Authentication to Snowflake is currently only possible using username and password. Here is an example on how to query Snowflake and store the results to a file my_entities.csv.

python -m exabel_data_sdk.scripts.sql.read_snowflake \
	--query="SELECT entity, display_name FROM entities" \
	--output-file="my_entities.csv" \
	--account="my_account_identifier" \
	--username="my_username" \
	--password="my_password"

Run python -m exabel_data_sdk.scripts.sql.read_snowflake --help to get a full printout of possible arguments.

Exporting data from Google BigQuery

If you have configured default application credentials for Google Cloud Platform using the Google Cloud SDK, you can query BigQuery without specifying any authentication method. The BigQuery client library will locate and use the default application credentials automatically. If you need to authenticate with a specific service account, you can use the argument --credentials-path with the path to a service account JSON file. Here is an example on how to query BigQuery and store the results to a file my_entities.csv.

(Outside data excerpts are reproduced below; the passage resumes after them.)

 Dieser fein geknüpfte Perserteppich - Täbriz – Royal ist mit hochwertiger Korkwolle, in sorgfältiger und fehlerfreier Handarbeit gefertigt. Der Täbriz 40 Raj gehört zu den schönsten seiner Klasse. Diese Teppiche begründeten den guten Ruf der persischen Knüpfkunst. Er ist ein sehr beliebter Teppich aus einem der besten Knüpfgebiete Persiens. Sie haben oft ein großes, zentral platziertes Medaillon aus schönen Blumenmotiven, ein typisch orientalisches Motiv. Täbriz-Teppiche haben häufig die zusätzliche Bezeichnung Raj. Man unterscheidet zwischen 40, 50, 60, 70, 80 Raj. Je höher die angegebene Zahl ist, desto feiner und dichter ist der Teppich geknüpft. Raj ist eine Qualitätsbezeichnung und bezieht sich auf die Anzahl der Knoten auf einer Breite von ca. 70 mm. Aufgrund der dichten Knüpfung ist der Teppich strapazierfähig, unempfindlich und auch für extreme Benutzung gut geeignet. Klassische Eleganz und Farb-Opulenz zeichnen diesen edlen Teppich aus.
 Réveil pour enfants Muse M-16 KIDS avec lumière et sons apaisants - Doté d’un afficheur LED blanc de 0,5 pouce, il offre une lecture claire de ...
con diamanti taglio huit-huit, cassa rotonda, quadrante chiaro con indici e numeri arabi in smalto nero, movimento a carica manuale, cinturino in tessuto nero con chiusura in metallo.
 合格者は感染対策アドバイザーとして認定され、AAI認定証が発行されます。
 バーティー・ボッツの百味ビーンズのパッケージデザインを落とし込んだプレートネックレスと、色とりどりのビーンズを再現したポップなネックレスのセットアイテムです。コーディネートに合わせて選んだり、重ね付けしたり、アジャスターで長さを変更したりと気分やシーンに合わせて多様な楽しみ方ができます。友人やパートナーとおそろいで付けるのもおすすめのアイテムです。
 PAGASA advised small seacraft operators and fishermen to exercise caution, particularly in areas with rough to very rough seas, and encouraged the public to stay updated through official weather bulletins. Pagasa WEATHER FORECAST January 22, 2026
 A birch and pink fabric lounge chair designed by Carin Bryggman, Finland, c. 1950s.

python -m exabel_data_sdk.scripts.sql.read_bigquery \
	--query="SELECT entity, display_name FROM entities" \
	--output-file="my_entities.csv"

Run python -m exabel_data_sdk.scripts.sql.read_bigquery --help to get a full printout of possible arguments.

Exporting data using AWS Athena

When exporting data using Athena, we unload the query result to an S3 staging bucket before downloading the result, in order to be able to export large amounts of data more efficiently. See Athena's documentation on the UNLOAD statement for considerations and limitations when using this approach for querying data. In order to prevent large amounts of output data to accumulate in the staging bucket, you can configure an S3 Lifecycle configuration to automatically delete old query results.

If you have configured an AWS shared credentials file, you can query Athena without specifying any authentication method. The AWS client library will locate the credentials file and use the default profile automatically. You can also specify a different profile in the credentials file using the parameter --profile. If you need to authenticate with a specific access key, you can use the arguments --aws-access-key-id and --aws-secret-access-key . Here is an example on how to query Athena and store the results to a file my_entities.csv:

python -m exabel_data_sdk.scripts.sql.read_athena \
	--query="SELECT entity, display_name FROM entities" \
	--output-file="my_entities.csv" \
	--region="my_aws_region" \
	--s3-staging-dir="s3://my_bucket/path/to/staging_area/"

Run python -m exabel_data_sdk.scripts.sql.read_athena --help to get a full printout of possible arguments.